But if I can speak to a larger issue, there really is no comparison between a statistical computing environment like R (Python would be a popular alternative), and a spreadsheet application like Excel. If you are working with a small amount of data (i.e. no more data than you can see on the screen), and you want to manipulate things by hand (i.e. with the mouse), then Excel is easier to use. But if you want to work with a larger of amount of data (i.e. more than you can visually see on the screen) and perform manipulations, transformations, or algorithmic procedures on your data (i.e. writing code, not mouse-clicks), then you really want something with R's capabilities. I'll posit the analogy that if Excel is like a pencil, then R is like a laser printer.
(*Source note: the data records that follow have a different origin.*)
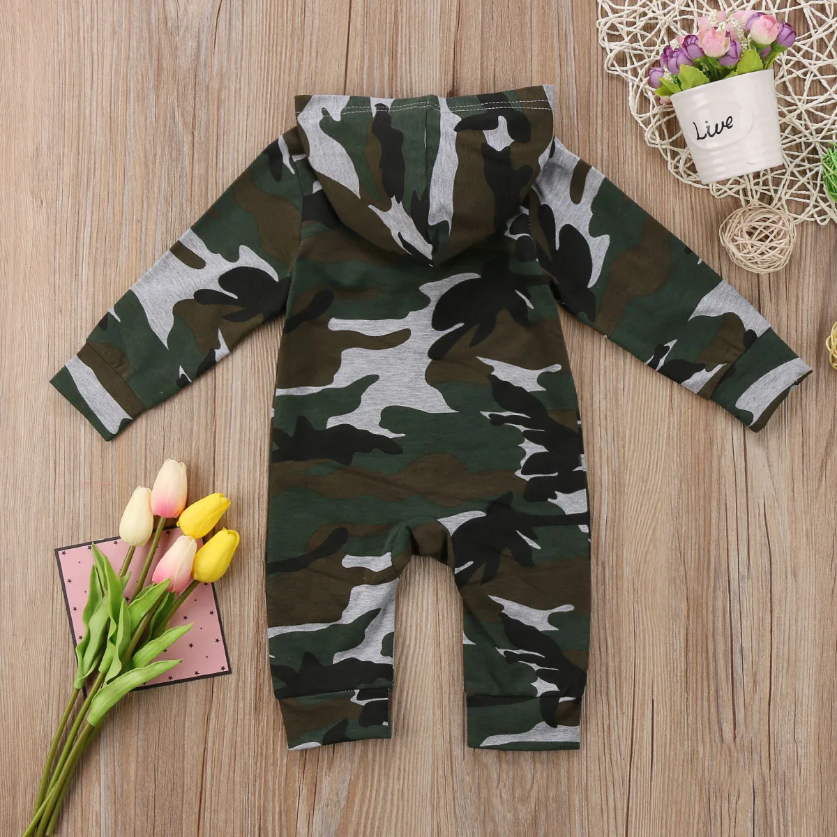 Модный камуфляжный комбинезон для новорожденных мальчиков и девочек! Высокое качество и абсолютно новый 100% Основной цвет: как на картинке Новинка в моде Материал:ХлопокОбратите внимание: если ваш ребенок пухленький, мы рекомендуем выбрать больший размер, спасибо. Просим перепроверять размеры детей, рост и полноту по размерной таблице перед покупкой/подачей заявки. Спасибо. Посылка включает в себя:1 детский комбинезон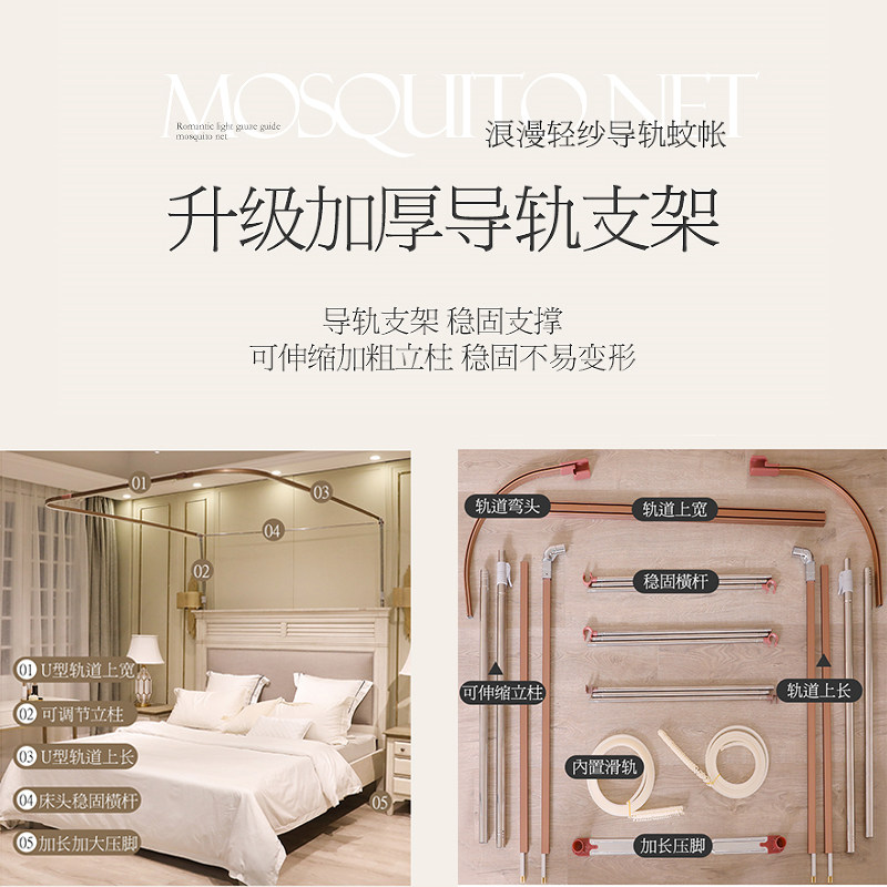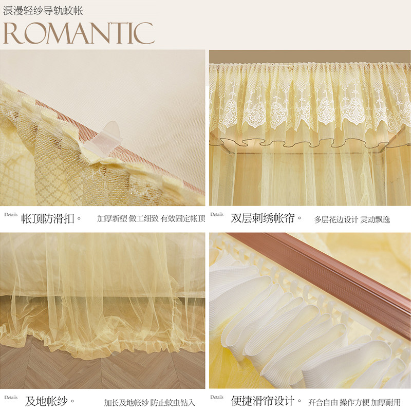 📚 尚尚芊蚊欧式帐渐变导轨双滑轮挂钩蚊帐加厚加密家用卧室落地蚊帐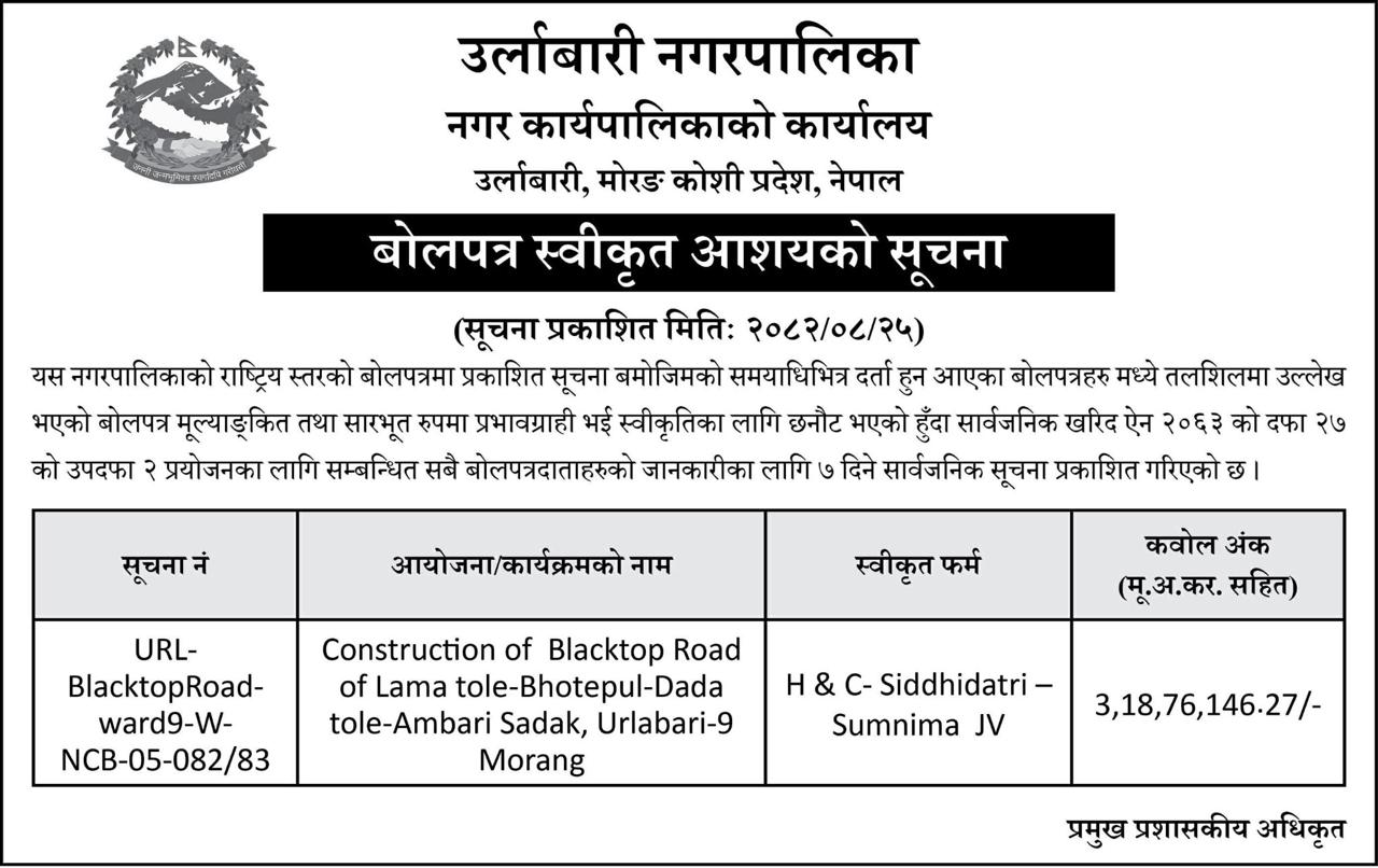 बोलपत्र स्वीकृत आशयको सूचना (Construction of Blacktop Road of Lama tole-Bhotepul-Dada tole- Ambari Sadak, Urlabari- 9 Morang)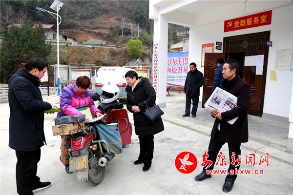 下午3點(diǎn)多走到聯(lián)盟村,趙明翠剛把報(bào)紙送到村上。村醫(yī)葉平菊就熱情地拉著趙明翠的手說:“山里好多群眾都搬到集中安置點(diǎn)安居了!村衛(wèi)生室都專門聘請(qǐng)的有醫(yī)生了!農(nóng)村婦女都能免費(fèi)體檢、免費(fèi)領(lǐng)取相關(guān)婦科藥品了!”趙明翠說:“這要感謝黨和國(guó)家的好政策!”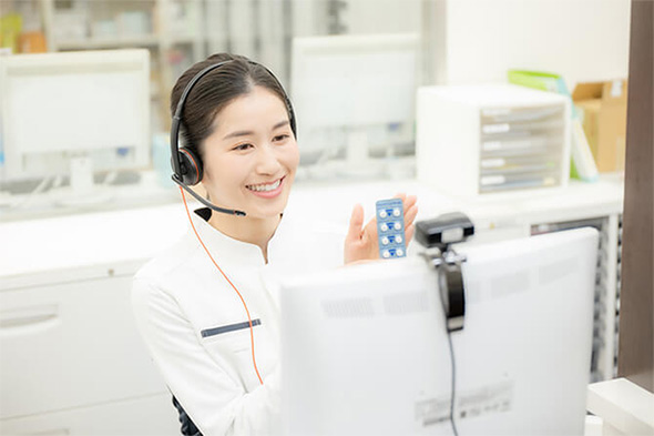 オンライン服薬指導とは、スマートフォンやパソコンなどの ビデオ通話機能を利用して、患者さまは自宅にいながら薬剤師 から処方薬の飲み方の説明を受けられ、外出することなくお薬を受け取ることもできるサービスです。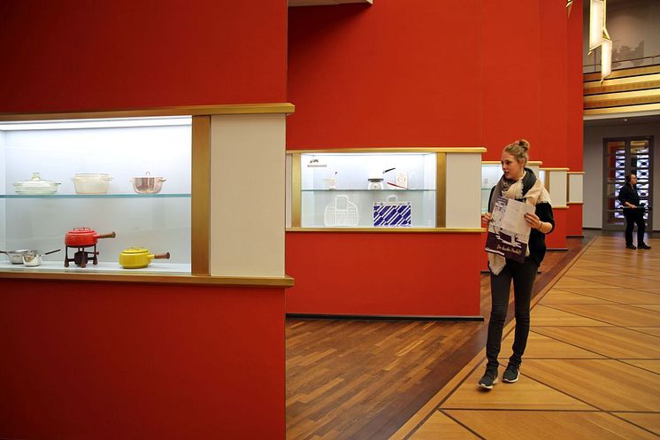 Blick in die Ausstellung "Backen, Bügeln, Putzen, Kochen - Das bisschen Haushalt!" im GRASSI Museum für Angewandte Kunst Leipzig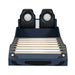 Race Car Shaped Twin Platform Bed With LED Lighting And Upholstered Backrest Construction - Blue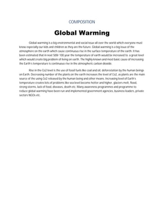 Global warming is a major environmental issue affecting the world's atmosphere and causing the steady rise in the Earth's surface temperature, according to estimates the temperature could increase significantly in the next 100-500 years causing living problems. The primary cause of increasing Earth's temperature is the continuous rise of carbon dioxide in the atmosphere from human activities like burning fossil fuels and deforestation, which decreases plants that absorb carbon dioxide. Rising temperatures create issues like higher sea levels, melting glaciers, floods, stronger storms, food shortages, diseases and deaths. Various awareness programs and efforts to reduce global warming have been implemented by government, business, and non-governmental organizations.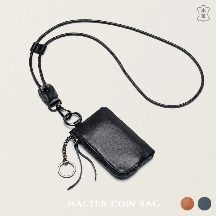 本革 コインケース コンパクト 小銭入れ 軽量 キーチェーン リングフック ネックストラップ付き ミ・・・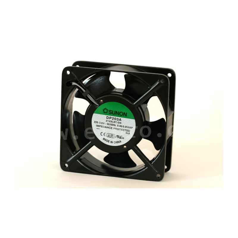 AC fans with a diecast aluminium frame and an impedance protected shaded-pole motor. These fans feature impellers made of thermoplastic PBT (UL94V-0) and can operate in temperatures ranging from -10 to +70°C. With dimensions of 120x120x38mm, they have a rated voltage of 115V AC (SP_) resp. 15/230V AC (SF_)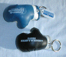 The Bxing Glove key chain is available in either Red, Blue or Black and measures 3 1/4" X 2 1/2" . The Punching Bag key chain is available in either Black or Red and measures 4 1/2" X 1 1/2" and it provides an imprint area of 2" X 1/2". Minimum quantity on either of these items is 300.

Wow. That makes me feel good about buying Marchi's book, as well. And on that note, this is the last question before we move on to part three of the interview, The Sabermetric Revolution, which is now on my bookshelf: What do you want to see done with the MLBAM and PitchF/X data that you may not have the time to do?
Hmm...I've always thought the relationship between location and velocity would be interesting to study. That is, what velocity is required to make a fastball right down the middle as effective as a 90 mph fastball on the outside corner? That might not be so hard of a question to address, but obviously the real answer will depend on the sequencing, the secondary offerings, the count, etc.
In general, I'd be interested in having a more definitive sense of why certain pitchers can be effective with an 86 mph fastball and others struggle when they're throwing 96. Is it just location? Can we examine the repertoire of a soft-tossing lefty who dominates in AA and definitively say that he simply doesn't have a chance to pitch in the major leagues? Conversely, can we analyze the offerings of a flamethrower in A ball and explain to him exactly how much better his fastball command has to get in order for him to be successful in the major leagues? These seem like accessible questions to which it would be valuable to have answers.